* **DIRECTIONS FOR THIS TASK**: Begin at the line holding "个人中心:用户点击头像可查看" and set down exactly each line through the last one below, omitting pictures. Include nothing else.
═════ SUPPLIED DATA ═════
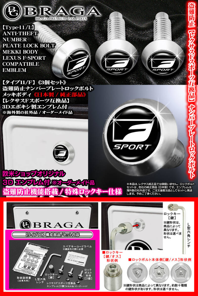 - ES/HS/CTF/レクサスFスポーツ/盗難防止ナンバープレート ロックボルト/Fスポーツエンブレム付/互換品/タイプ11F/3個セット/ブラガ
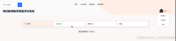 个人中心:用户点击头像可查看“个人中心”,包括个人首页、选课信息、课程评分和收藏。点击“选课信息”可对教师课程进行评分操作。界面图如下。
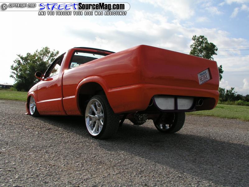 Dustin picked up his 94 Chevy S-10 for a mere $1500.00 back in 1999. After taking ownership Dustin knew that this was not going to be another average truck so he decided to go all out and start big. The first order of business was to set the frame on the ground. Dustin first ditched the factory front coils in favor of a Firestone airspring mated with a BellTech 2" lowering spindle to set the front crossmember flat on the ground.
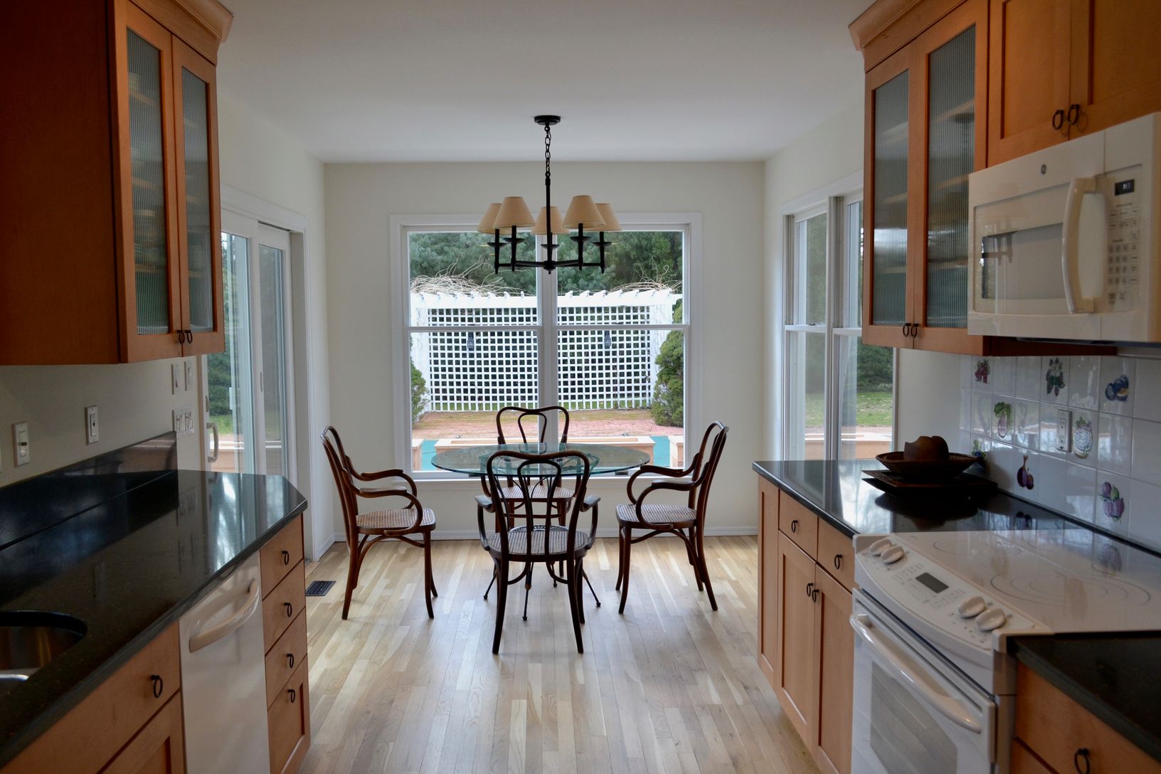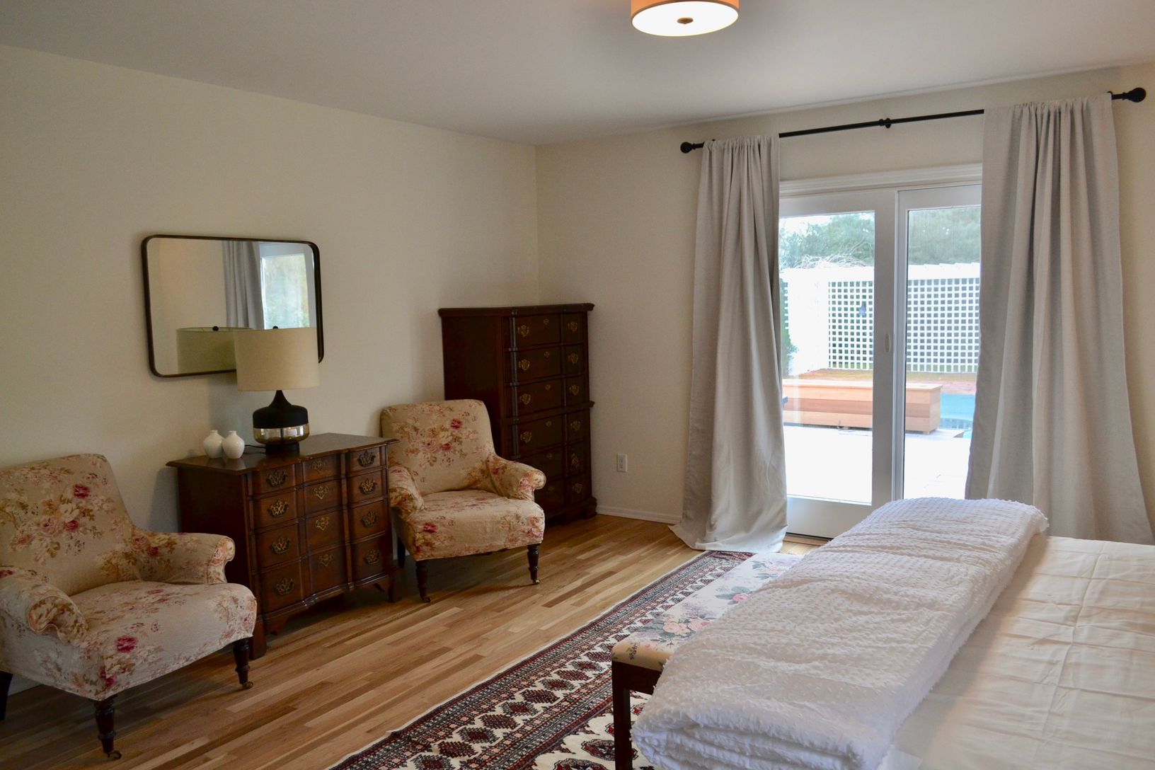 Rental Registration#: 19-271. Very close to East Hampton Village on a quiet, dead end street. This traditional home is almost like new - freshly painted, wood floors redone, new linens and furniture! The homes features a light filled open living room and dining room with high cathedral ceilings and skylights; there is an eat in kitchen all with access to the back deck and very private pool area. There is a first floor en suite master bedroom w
═════
* **SOLUTION TO THIS PROBLEM**:
 个人中心:用户点击头像可查看“个人中心”,包括个人首页、选课信息、课程评分和收藏。点击“选课信息”可对教师课程进行评分操作。界面图如下。
 Dustin picked up his 94 Chevy S-10 for a mere $1500.00 back in 1999. After taking ownership Dustin knew that this was not going to be another average truck so he decided to go all out and start big. The first order of business was to set the frame on the ground. Dustin first ditched the factory front coils in favor of a Firestone airspring mated with a BellTech 2" lowering spindle to set the front crossmember flat on the ground.
 Rental Registration#: 19-271. Very close to East Hampton Village on a quiet, dead end street. This traditional home is almost like new - freshly painted, wood floors redone, new linens and furniture! The homes features a light filled open living room and dining room with high cathedral ceilings and skylights; there is an eat in kitchen all with access to the back deck and very private pool area. There is a first floor en suite master bedroom w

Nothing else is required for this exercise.